Самиздат 30–40-х годов был преимущественно устным, а в 60-е годы возникло нечто вроде института профессиональных запоминальщиков, своего рода аэдов и акынов — хранителей устной традиции, причем воспроизводился не только текст, но и манера чтения того или иного автора. Этих людей называли «ходячими магнитофонами». Большинство самиздатских текстов, составляющих монументальную 9-томную «Антологию у Голубой Лагуны» (Хьюстон — Нью-Йорк, 1977—1987, автор-издатель Константин Кузьминский), записывались именно таким способом — по памяти. Самым, пожалуй, известным из «ходячих магнитофонов» был ленинградец Григорий Леонович Ковалев («Гришка-слепой»): благодаря его феноменальной памяти сотни замечательных поэтических текстов не канули в Лету — они были записаны с его голоса и изданы Кузьминским.

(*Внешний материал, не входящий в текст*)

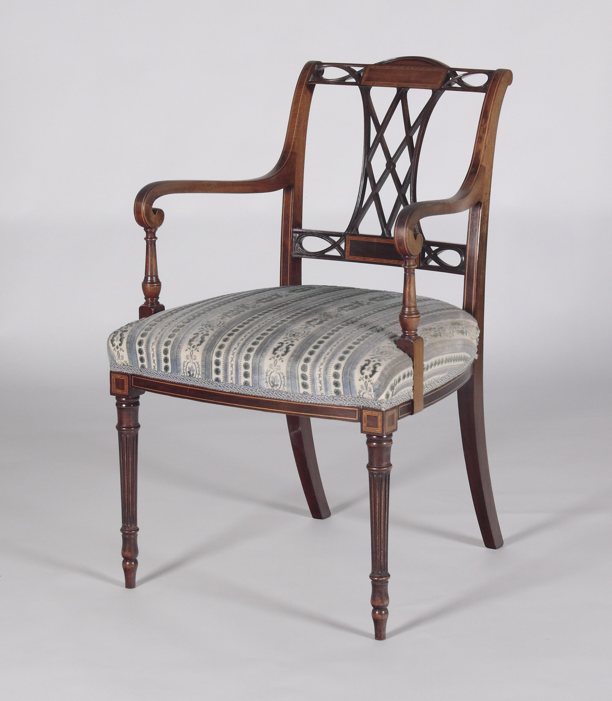 An early 20th century mahogany inlaid arm chair In the Regency Style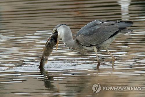 (강릉=연합뉴스) 유형재 기자 = 9일 강원 강릉시 남대천에서 왜가리가 죽어 썩어가는 물고기를 삼키려고 애를 쓰고 있다.

Огромный успех «эстрадной поэзии» в 60-е годы во многом был следствием повышенного общественного интереса именно к звучащему, живому слову. Правда, продукция устного самиздата «публиковалась» не только в переполненных концертных залах, где все-таки действовала менее жесткая, чем в печати, но вполне ощутимая цензура и в основном декламировались тексты, которые уже прошли журнальную или книжную апробацию. Но как можно было завизировать самодеятельные песни, которыми сопровождался туристско-альпинистский бум вырывавшихся на отпускную свободу итээров? А что касается устного поэтического самиздата, то он начал бурно распространяться параллельно повсеместному внедрению автоматических венгерских кофеварок «экспрессо» — в кафе и крошечных забегаловках, своего рода «мини-ротондах», где собиралась молодежь Москвы и Петербурга. Кофеманы осваивали близлежащие скверы и дворики, которые превращались в уличные клубы, в пятачки свободного слова. Власти пытались контролировать эту новую для советских людей форму общения, и тем не менее каким-то чудом, по недосмотру идеологического начальства, в Москве и Ленинграде возникло несколько площадок, где поэтическое слово могло звучать, не будучи стеснено рамками цензуры. Любопытно, что в разряд устного самиздата в начале 60-х попадали не только оригинальные тексты, но и эстетически близкие образцы советской классики — например, дооктябрьские футуристические стихи Маяковского, сгруппированные в редком, с трудом доставаемом 1-м томе его красного двенадцатитомника. Поэт Марк Троицкий был знаменит тем, что знал весь этот том наизусть, и при чтении вслух, перенесенные в иной контекст, в удушающий климат послевоенной охранительной эстетики, ранние стихи «лучшего и талантливейшего поэта советской эпохи» звучали скандально, бунтарски, взрывчато.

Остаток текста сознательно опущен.